Ordinary Least Squares#

Single marker linear regression measures how well a genetic variant “aligns” with a trait by projecting the trait values onto the variant’s genotype direction.

Graphical Summary#

Fig

Key Formula#

In the single marker linear regression

\[ \mathbf{Y} = \mathbf{X} \beta + \boldsymbol{\epsilon} \]
  • \(\mathbf{Y}\) is the \(N \times 1\) vector of trait values for \(N\) individuals

  • \(\mathbf{X}\) is the \(N \times 1\) vector of the genotype vector for a single variant across \(N\) individuals

  • \(\beta\) is the scalar representing the effect size for the variant (to be estimated)

  • \(\epsilon\) is the \(N \times 1\) vector of error terms for \(N\) individuals and \(\epsilon \sim N(0, \sigma^2)\)

Using ordinary least squares (OLS), we can derive the estimators for \(\beta\) in matrix form:

\[ \hat{\beta}_{\text{OLS}} = (\mathbf{X}^T\mathbf{X})^{-1}\mathbf{X}^T\mathbf{Y} \]

Technical Details#

Genomic Intuition#

The OLS estimator has a beautiful geometric interpretation that makes intuitive sense in genomics.
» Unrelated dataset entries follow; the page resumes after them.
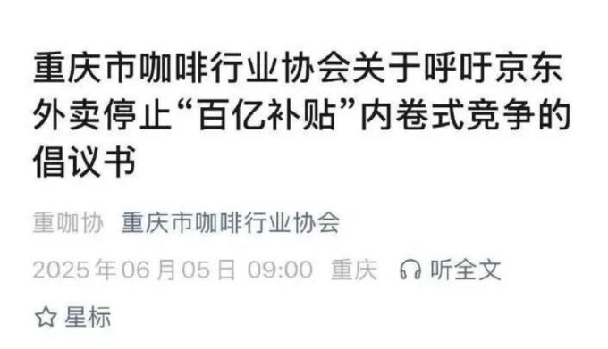对此,重庆市咖啡协会于6月5日发布倡议书,呼吁停止“百亿补贴”引发的内卷式竞争。倡议指出,2025年一季度以来,平台持续的补贴大战已导致咖啡市场价格断崖式下跌,严重威胁行业长期健康发展。巴浪森林咖啡、雾光商务咖啡等多家本地独立品牌联署支持该倡议。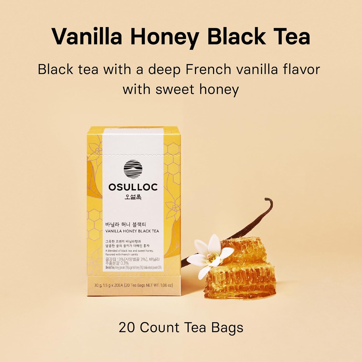 OSULLOC Vanilla Honey Black Tea (20 count, 1.05 oz), Black tea filled with Sweet Flavor of French Vanilla and Honey, Premium Blended Tea bags from Jeju Island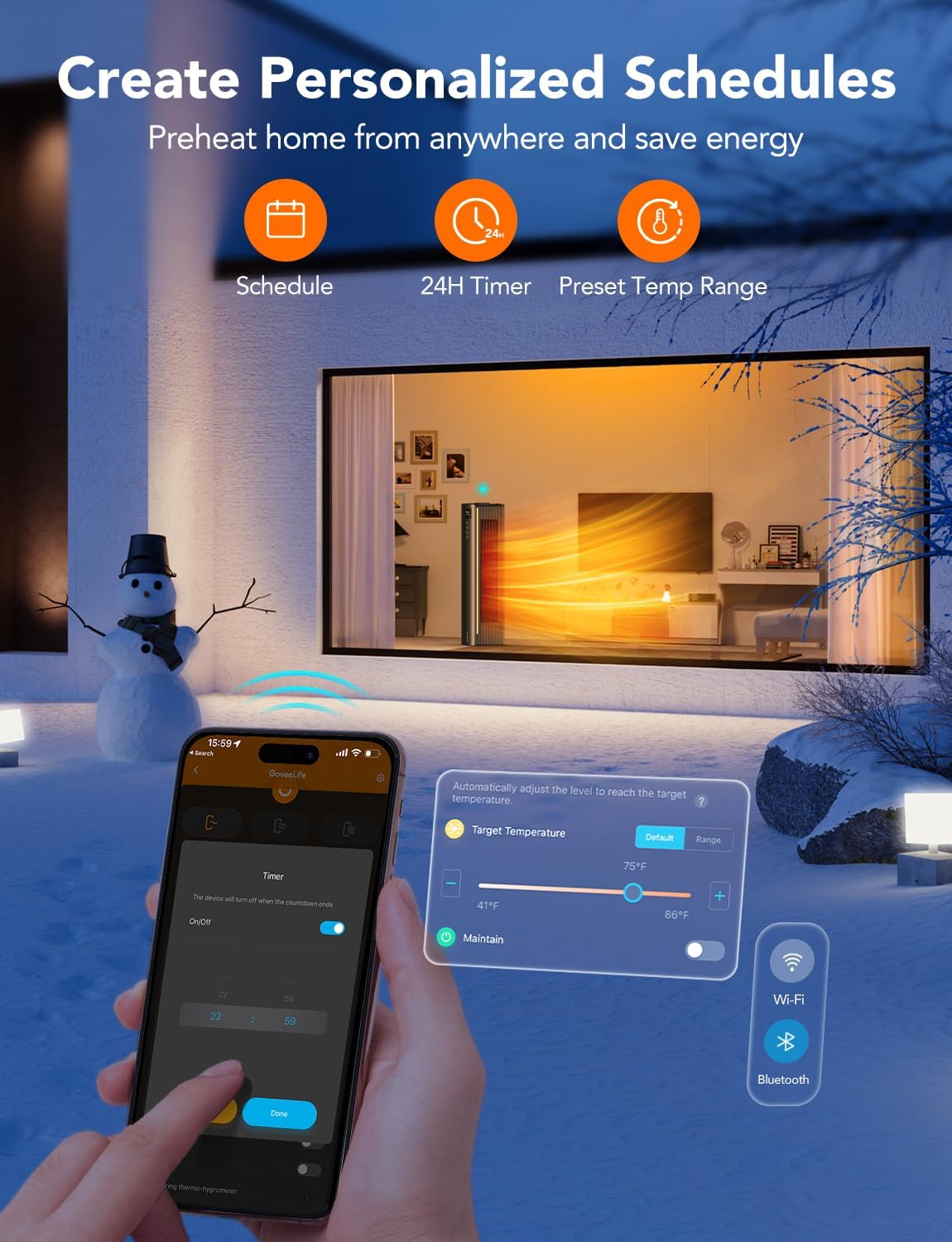One standout feature is the automatic constant temperature function. Integrated with a built-in sensor, the heater supports a thermostat display function. For more accurate and stable monitoring, users can connect it to a GoveeLife thermometer or hygrometer, enhancing the overall intelligent heating experience.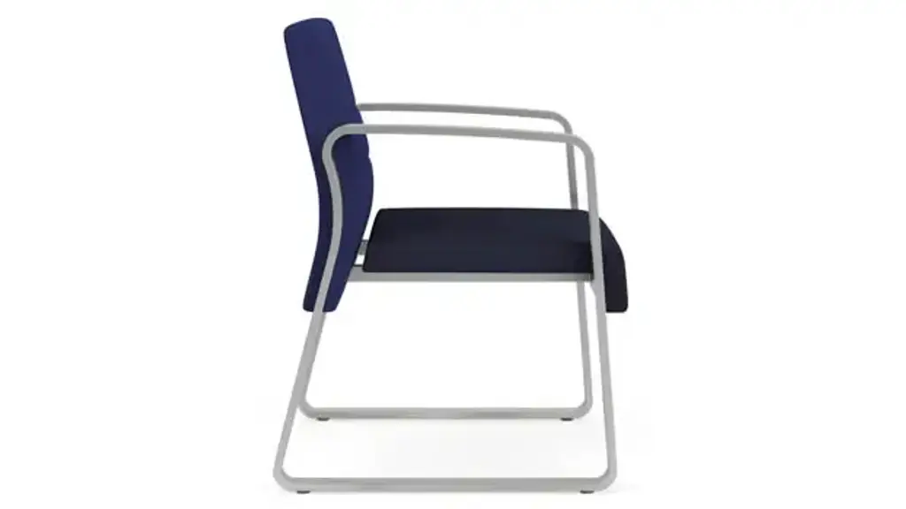 The Waterfall guest chair with sled base, with its soothing yet powerful styling, sloped arm design, and upholstered seat and back cushions will give your space an inviting, welcoming air. Heavy duty steel construction, durable powder-coat finish, ergonominally designed back, and a Matrex seat support system provide long-life comfort in commercial waiting and reception applications. Ideal for medical, educational and healthcare environments. 400 lb weight capacity. Overall Dimensions: 23" W x 25" D x 33" H. Ships ready for easy assembly.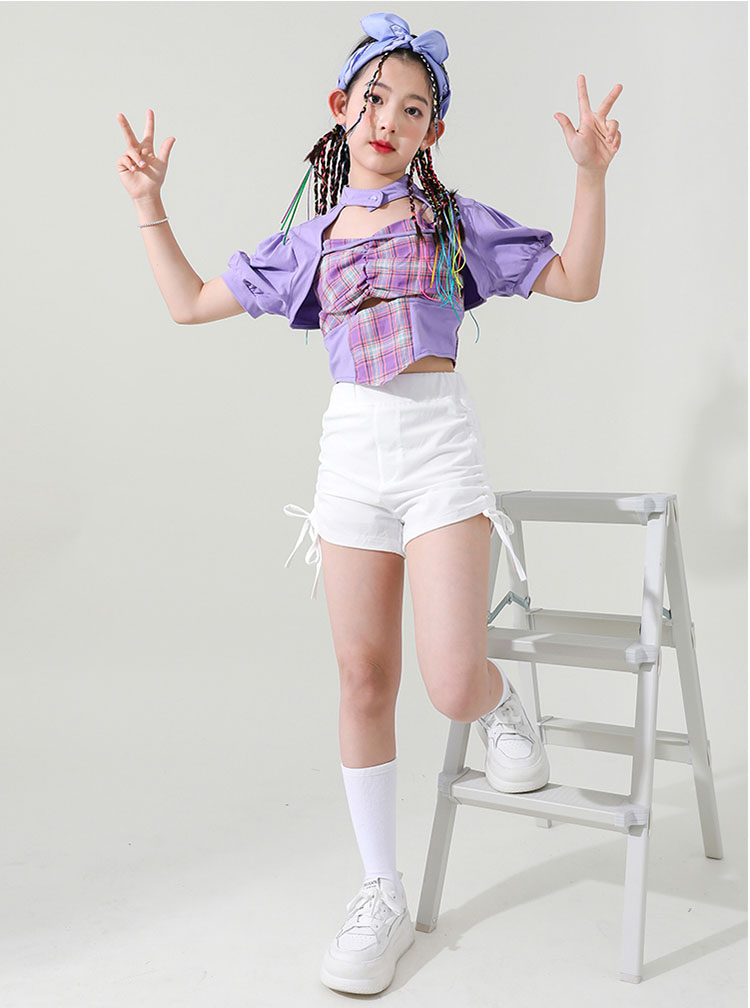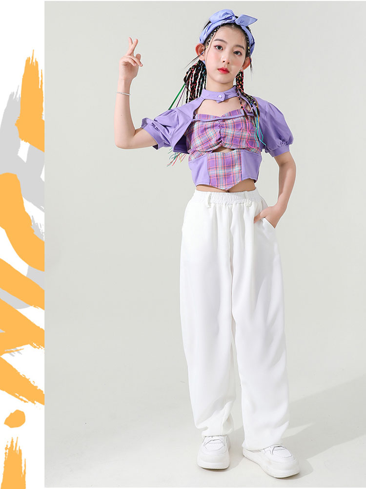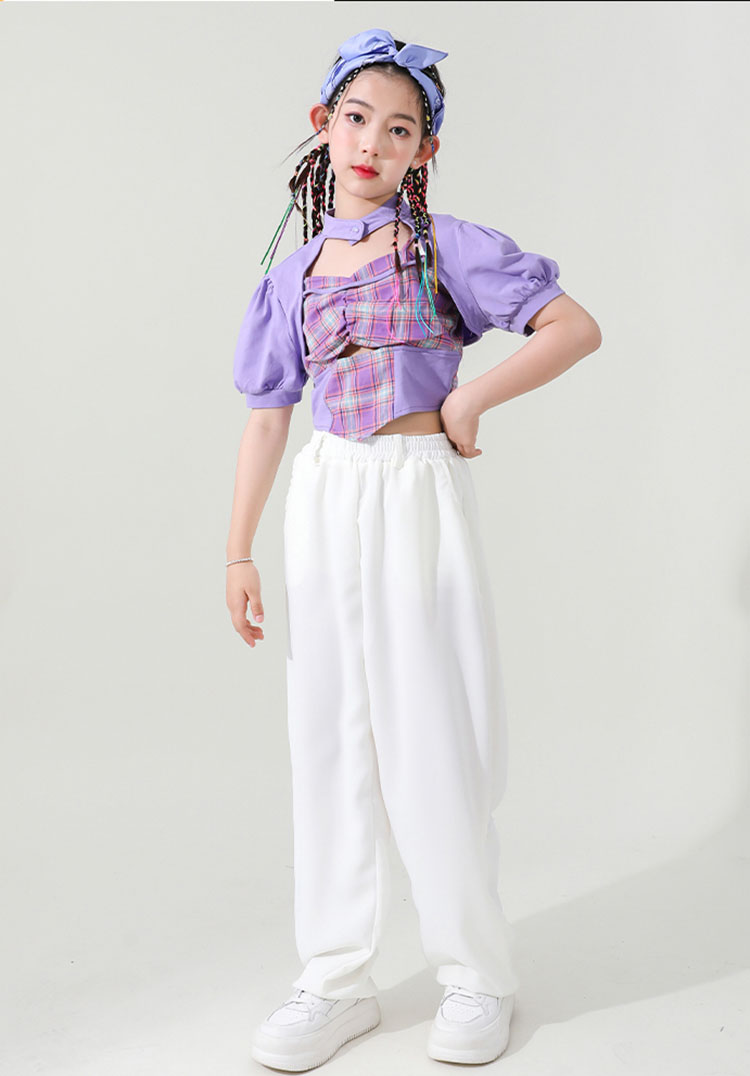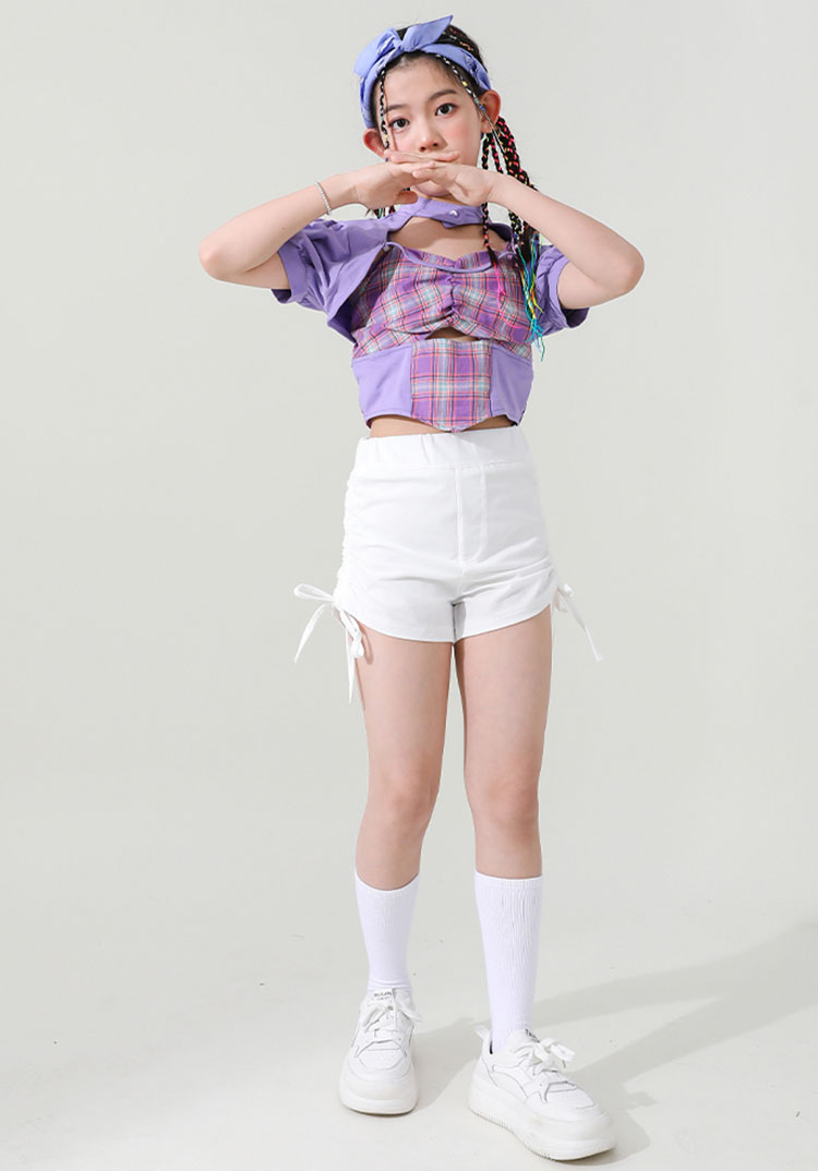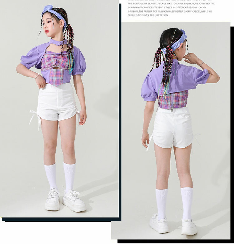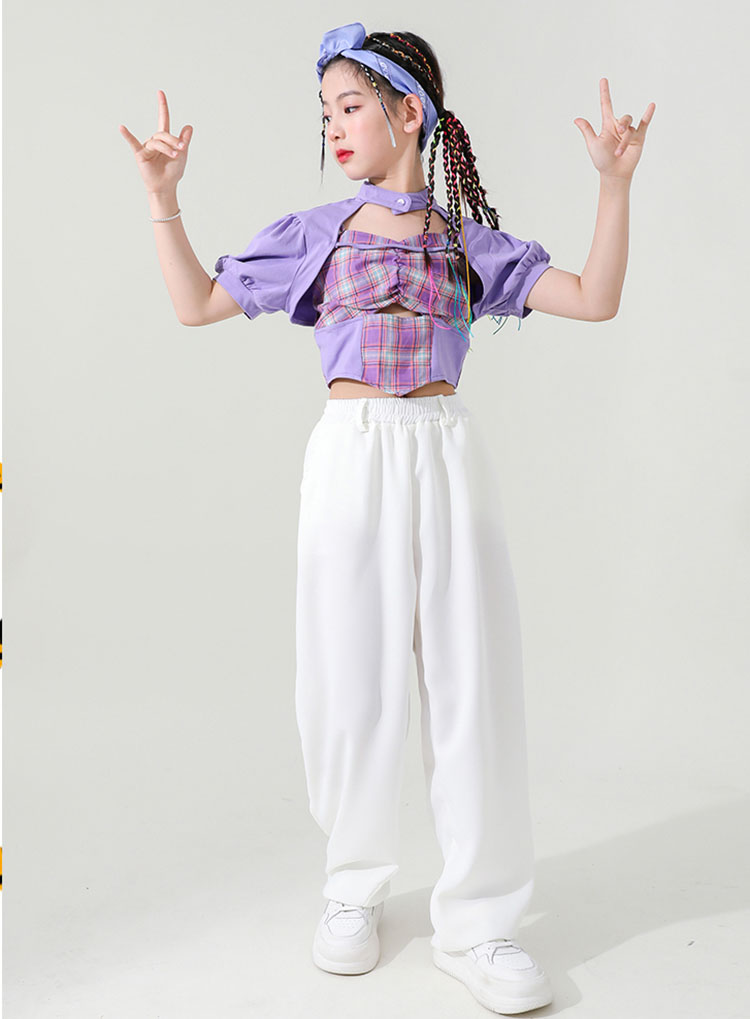 ダンス 衣装 キッズ 女の子 セットアップ チェック柄 トップス ホワイトパンツ ヒップホップ 2点セット ステージ衣装 子供 練習着 韓国 発表会 人気 おしゃれ 韓国 110-180cm

At its core, OLS is measuring how much two vectors align in the same direction through their inner product.

The Inner Product \(\mathbf{X}^T\mathbf{Y}\): This measures the projection of the phenotype vector \(\mathbf{Y}\) onto the genotype vector \(\mathbf{X}\). In genomic terms, it captures how much the phenotype and genotype “move together” - when genotype values are high, are phenotype values also high? The inner product quantifies this concordance. OLS will give you the linear combination of genotypes such that the combined genotypes aligns closest to \(\mathbf{Y}\) that’d be the \(\mathbf{X}^T\mathbf{Y}\) part.

Why the Scaling Factor \((\mathbf{X}^T\mathbf{X})^{-1}\)?: This scalar normalization is crucial because we want our measure of association to be scale-independent. Whether we code genotypes as (0,1,2) or (0,2,4), or measure height in centimeters versus meters, the strength of association shouldn’t change due to arbitrary scaling choices. The factor \((\mathbf{X}^T\mathbf{X})^{-1} = \frac{1}{\sum_{i=1}^N X_i^2}\) normalizes by the “magnitude” of the genotype vector, making the result invariant to scaling.

The Complete Picture: OLS finds the linear combination of genotypes that aligns as closely as possible with the phenotype vector. It’s asking: “What’s the best way to scale the genotype vector so that it points in the same direction as the phenotype vector?” The answer is the OLS coefficient \(\hat{\beta}_\text{OLS}\).

Simplified Form for Single Marker Regression#

For a single marker regression, the OLS estimator simplifies to:

\[ \hat{\beta}_{\text{OLS}} = \frac{\sum_{i=1}^N (X_i-\bar{X}) (Y_i-\bar{Y})}{\sum_{i=1}^N (X_i-\bar{X})^2} \]
\[ \hat{\beta}_{\text{OLS}} = \frac{\text{Cov}(X, Y)}{\text{Var}(X)} \]

If genotypes are scaled (variance = 1), this becomes the sample covariance:

\[ \hat{\beta}_{\text{OLS}} = \text{Cov}(X, Y) \]

Statistical Properties#

Unbiasedness#

Under the assumption that \(E[\epsilon|\mathbf{X}] = 0\), we have

\[ E[\hat{\beta}_{\text{OLS}}] = \beta \]

When both \(\mathbf{X}\) and \(\mathbf{Y}\) are centered:#

When \(\bar{X} = 0\) and \(\bar{Y} = 0\), we have a simple regression through the origin.

Slope Estimator#

\[ \hat{\beta}_{\text{OLS}} = \frac{\sum_{i=1}^N X_i Y_i}{\sum_{i=1}^N X_i^2} \]

Variance of the Estimator#

Using the general formula \(\text{Var}(\hat{\beta}) = \sigma^2 (\mathbf{X}^T\mathbf{X})^{-1}\):

\[ \text{Var}(\hat{\beta}_{\text{OLS}}) = \sigma^2 \cdot \frac{1}{\sum_{i=1}^N X_i^2} = \frac{\sigma^2}{\sum_{i=1}^N X_i^2} \]

Standard Error#

\[ \text{SE}(\hat{\beta}_{\text{OLS}}) = \sqrt{\frac{\hat{\sigma}^2}{\sum_{i=1}^N X_i^2}} \]

where \(\hat{\sigma}^2 = \frac{\sum_{i=1}^N (y_i - \hat{y}_i)^2}{N-1}\) (using \(N-1\) degrees of freedom since we only estimate one parameter).

Sample Size Requirements#

  • Absolute minimum: \(N \geq\) number of parameters to estimate

  • For single marker regression: \(N \geq 2\) (need at least 2 points to fit a line)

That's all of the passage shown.